BELARUS NEWS AND ANALYSIS

DATE:

23/03/2008

Belarus marks 65th anniversary of Khatyn tragedy

MINSK, March 23 (Itar-Tass) - Belarus marks on Sunday one of the most mournful dates - the 65th anniversary of the tragedy in world-known Khatyn. This small village, situated 54 kilometres from the Belarussian capital Minsk, was fully burnt down by Nazis together with all its residents (149 people, including 75 children).

A requiem-rally was held on Sunday at the Memorial Complex, opened in the place of the former village. Speaking at the rally, head of the Belarussian president's office Gennady Nevyglas said: "Some young politicians in former Soviet republics and other countries are inclined to forget the horrors of the Second World War and even try to whitewash and even honour those who had destroyed civilians in Poland, Belarus, Ukraine and Russia, trampling underfoot the memory of millions of innocent victims. Such sacrilegious attitude must be cut short in the present-day world."

He noted "Khatyn has become a bleeding wound, preventing our people from forgetting the historic memory". Nevyglas emphasised that the grand Khatyn Memorial is a symbol of people's memory and pain about the tragedy, a symbol of immortality, and millions of people from all over the world come to this memorial to pay homage.

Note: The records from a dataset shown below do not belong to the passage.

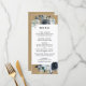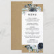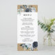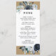 This wedding menu features watercolor peonies in navy blue, white with foliage and feathers accents on a faux rustic kraft paper background.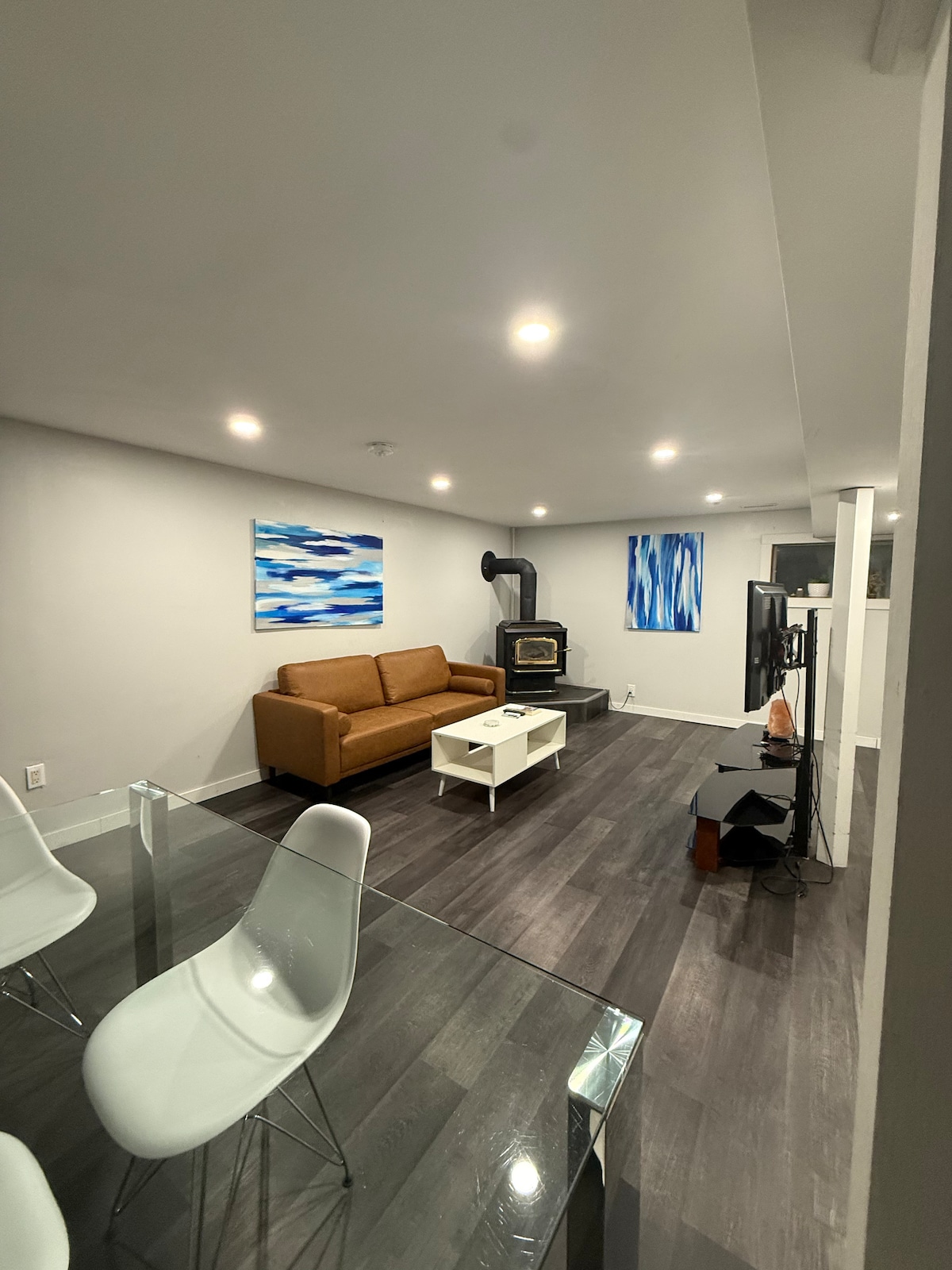 Welcome to our centrally located private unit. Big windows to brighten the fully stocked kitchen, an entertainment space with a 55” smart tv, board games, record player, a comfortable bedroom with a Queen bed & AC unit, and large bathroom. Enjoy the private outdoor area beside your personal parking spot. Kitchen includes: - Toaster - Keurig Coffee Machine + Reusable Cups - Stove - Kettle - Pots and pans - Utensils and other kitchen ware - Microwave - Mini Fridge with a freezer compartment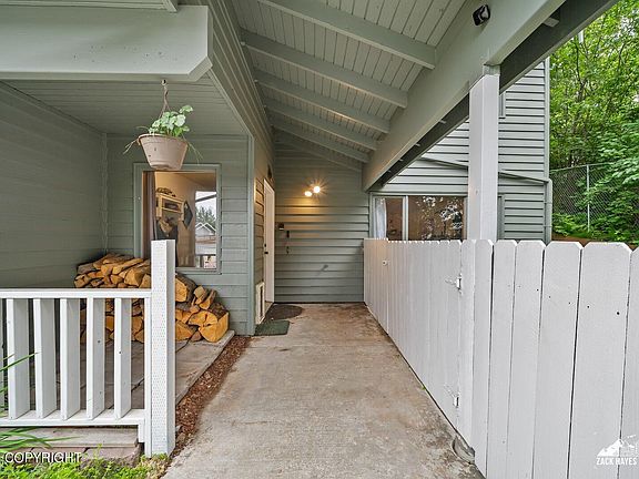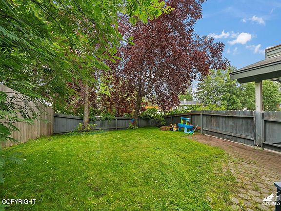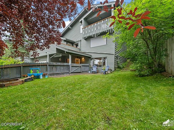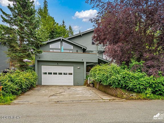 This spacious 3,032 sq ft. is a wooded oasis in the heart of Anchorage. The home is located on a quiet street with mature trees and foliage near JBER, playgrounds, schools, and amenities. Enjoy an open-concept kitchen with double ovens and stainless-steel appliances. The second-floor vaulted ceiling living room features plenty of windows, natural light, hardwood flooring, and ample deck. The home includes two primary bedrooms with ensuite bathrooms, one on the third level with a private deck, and one on the first level featuring a fireplace and wet bar, currently used as a multipurpose room. There is an extra-tall garage with an oversized door, offering plenty of room for storage and vehicles. Additional features include an on-demand water heater, sauna, large laundry room, and fenced-in private yard. This would be a wonderful place to call home! Home Warranty is included!

"The toll of Khatyn bells also mourn massacred innocent residents in other Belarussian villages, deplore much-suffering residents of the besieged Leningrad, many hundred thousands of innocent victims, murdered in Auschwitz, Buchenwald, Majdanek and other Nazi concentration camps," Nevyglas stressed.

The rally was attended by war veterans, young people and delegations from war-ravaged cities and villages as well as from foreign states, including representatives from memorials in Lidice (Czech Republic) and the Piskaryovskoye Cemetery (Russia).